**** Data block
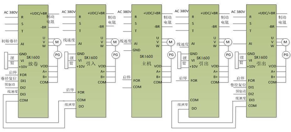 PLC只完成不同版輥同步頻率的簡單匹配(主速處理),邏輯控制,大量張力控制和操作由變頻器自動完成;安裝調(diào)試簡單易行;
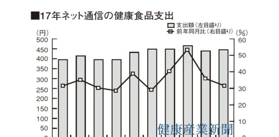 総務省統計局がまとめた2017年度の家計調査報告で、「総世帯」の健康食品支出額は、前年度比2.7%増とプラスになった。一人暮らし世帯がサプリメント支出を増やした。「総世帯」の17年度消費支出は、1世帯1ヵ月あたり24万5,388円で、前…
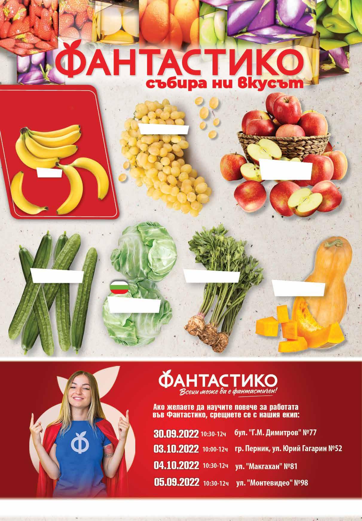 2.79 -28% 1 99 лв|кг 2.99 -33% 1 99 лв|кг 3.79 -21% 2 99 лв|кг 1.99 -25% 1 49 лв|кг 1.19 -33% 0 79 лв|кг 1.19 -42% 0 69 лв|кг 1.99 -35% 1 29 лв|бр Жълта тиква произход България Специалнопредложение запетък,съботаинеделя! Зеле произход България от30.09.до02.10. Червени ябълки произход БългарияБанани Краставици произход България Целина с листа произход България Стафидно грозде Продуктите, обозначени с този символ, са с БЪЛГАРСКИ произход.Снимките са с илюстративна цел. ТВ „Фантастико” не носи отговорност за допуснати печатни грешки. Количествата са лимитирани! Предложенията са валидни до сряда 22.00 ч на 05.10.2022 г.
********
● **Exercise instructions**: Exact repetition is the task: every line from the start of the data to the line with "総務省統計局がまとめた201", inclusive, and none after it, pictures omitted.

● **Response to this task**:
 PLC只完成不同版輥同步頻率的簡單匹配(主速處理),邏輯控制,大量張力控制和操作由變頻器自動完成;安裝調(diào)試簡單易行;
 総務省統計局がまとめた2017年度の家計調査報告で、「総世帯」の健康食品支出額は、前年度比2.7%増とプラスになった。一人暮らし世帯がサプリメント支出を増やした。「総世帯」の17年度消費支出は、1世帯1ヵ月あたり24万5,388円で、前…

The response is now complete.